What are your main interests in the interface of artificial intelligence and music?

I’m really fascinated with this idea of ​​what an artist is. Speaking my common language (music) is a very small variable. We have 12 notes. There is a collection of rhythms that we usually use. There’s a kind of vernacular of tools, tones, and timbres, but when you start adding it, it becomes a very deep set of data.

On its cover, “What’s unique and unique about an artist?” And that’s what I’ve been curious about all my adult life. Seeing the research going on in artificial intelligence, I immediately thought that music is the fruit of hanging.

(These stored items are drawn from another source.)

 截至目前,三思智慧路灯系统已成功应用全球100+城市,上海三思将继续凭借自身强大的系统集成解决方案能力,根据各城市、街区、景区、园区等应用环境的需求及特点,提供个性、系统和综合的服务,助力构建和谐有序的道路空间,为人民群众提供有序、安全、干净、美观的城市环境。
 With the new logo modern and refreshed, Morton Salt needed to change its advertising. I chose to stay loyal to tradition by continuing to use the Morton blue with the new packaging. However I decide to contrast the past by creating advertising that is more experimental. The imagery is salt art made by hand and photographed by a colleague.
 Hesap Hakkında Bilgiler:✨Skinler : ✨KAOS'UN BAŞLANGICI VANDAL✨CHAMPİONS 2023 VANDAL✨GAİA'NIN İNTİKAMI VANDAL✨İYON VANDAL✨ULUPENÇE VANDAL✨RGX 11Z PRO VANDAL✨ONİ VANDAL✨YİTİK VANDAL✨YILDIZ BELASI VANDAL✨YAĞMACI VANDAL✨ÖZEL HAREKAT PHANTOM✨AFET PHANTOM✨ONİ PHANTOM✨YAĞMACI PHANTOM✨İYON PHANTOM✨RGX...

Today, we can take the sum of the production of artists and take their artistic work and quantify the whole thing in a training set, in a massive training set of multivariates. And we don’t even name the variables. RNN (repeating neural networks) and CNN (convolutional neural networks) named automatically.

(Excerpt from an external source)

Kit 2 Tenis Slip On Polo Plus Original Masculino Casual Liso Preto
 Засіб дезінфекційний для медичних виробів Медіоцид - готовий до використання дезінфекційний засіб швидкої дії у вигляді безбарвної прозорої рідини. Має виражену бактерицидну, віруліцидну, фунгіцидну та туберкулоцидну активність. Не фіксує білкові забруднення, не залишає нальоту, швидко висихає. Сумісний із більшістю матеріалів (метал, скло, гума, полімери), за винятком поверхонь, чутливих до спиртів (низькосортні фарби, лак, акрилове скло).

So you’re referring to a set of music that can be used to “train” an artificial intelligence algorithm, and then it can create original music that resembles the music you were trained in. If we reduce the genius of artists like Coltrane or Mozart to a training set and recreate their sound, how will musicians and music lovers respond?

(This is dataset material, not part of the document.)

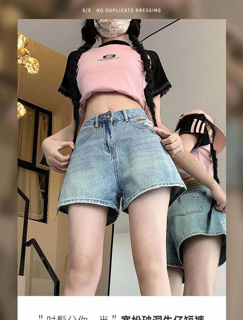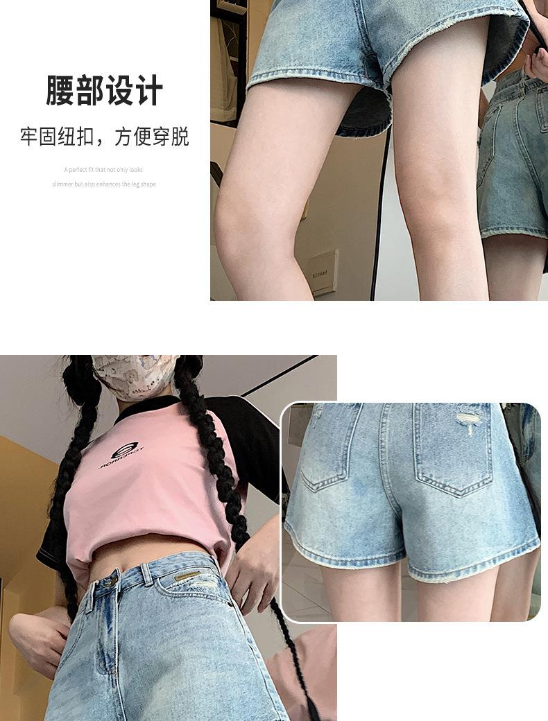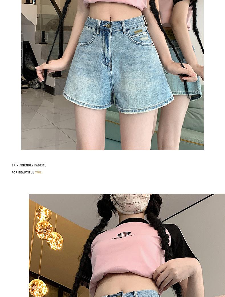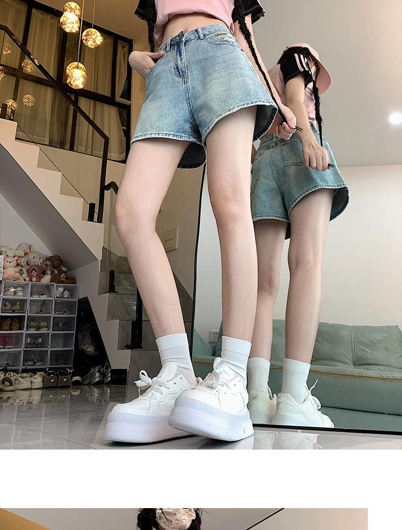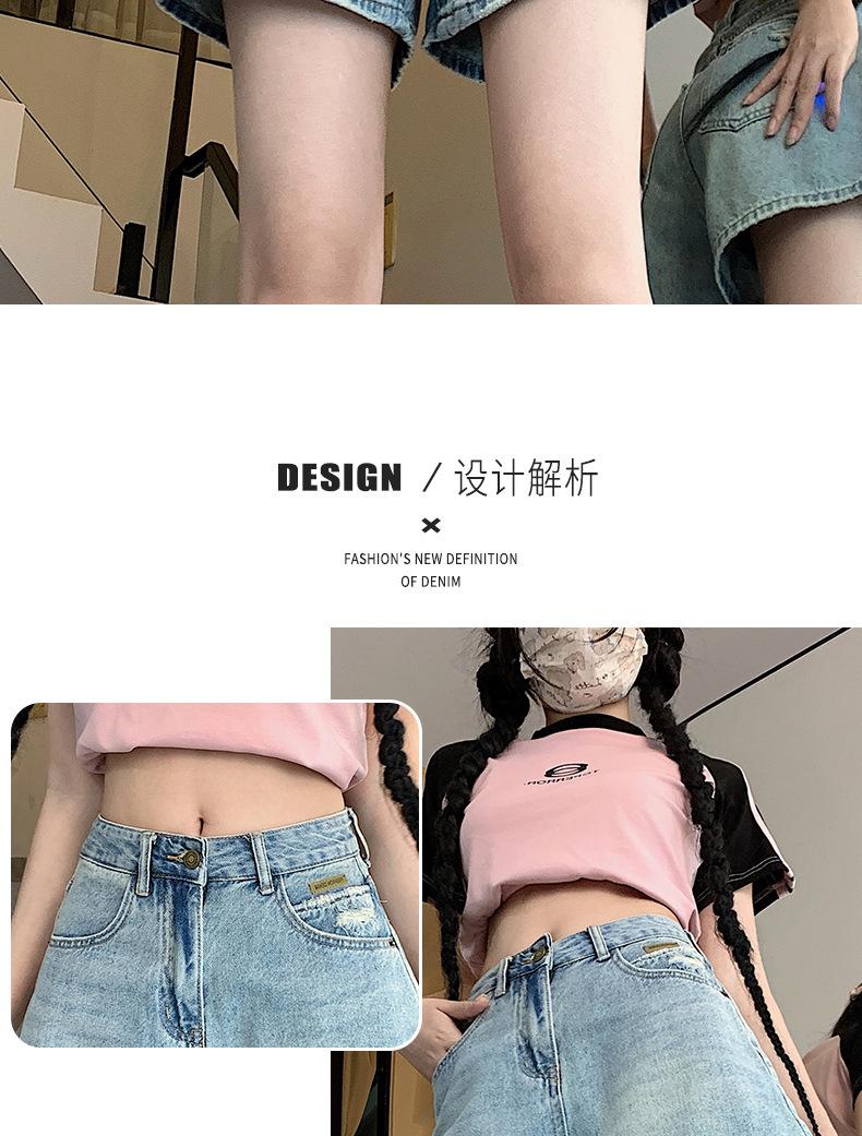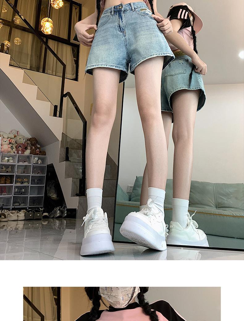 Shorts de mezclilla para mujer 2024 Nuevo verano Cintura alta Petite Adelgazantes Línea A Retro Versátil Pierna ancha Pantalones cortos

I think the closer you get, the more this idea of ​​the valley becomes. Some would say that things like music are sacred and related to very basic levels of our humanity. It is not difficult to engage in a spiritual conversation about what music is like as a language, what it means, how powerful it is, and how it transcends culture, race, and time. So a traditional musician might say, “That’s not possible. There are so many nuances and feelings, and your life experience, and these kinds of things that go into the music output.”

And my part goes like an engineer. Look at what Google has done. MIDI is a simple type of motor generation where all Bach’s works have been taken and can be spit out [Bach-like] fugak. Bach wrote many escapes, which is a great example. He is also the father of modern harmony. Musicologists listen to some of them on Google Magenta escapes and cannot be distinguished from Bach’s original works. Again, this makes us question what the artist is.

I’m both happy and I’m terribly terrified about this space we’re expanding. Maybe the less I want to ask is “We can, but should we?” and more “How do we do this responsibly, because it’s happening?”

Right now, there are companies that are using something like Spotify or YouTube to train their models with living, copyrighted, and protected works. But companies are allowed to take someone’s job and train models right now. Should we do that? Or should we talk to artists about them first? I think we need to put in place protective mechanisms for visual artists, programmers, musicians.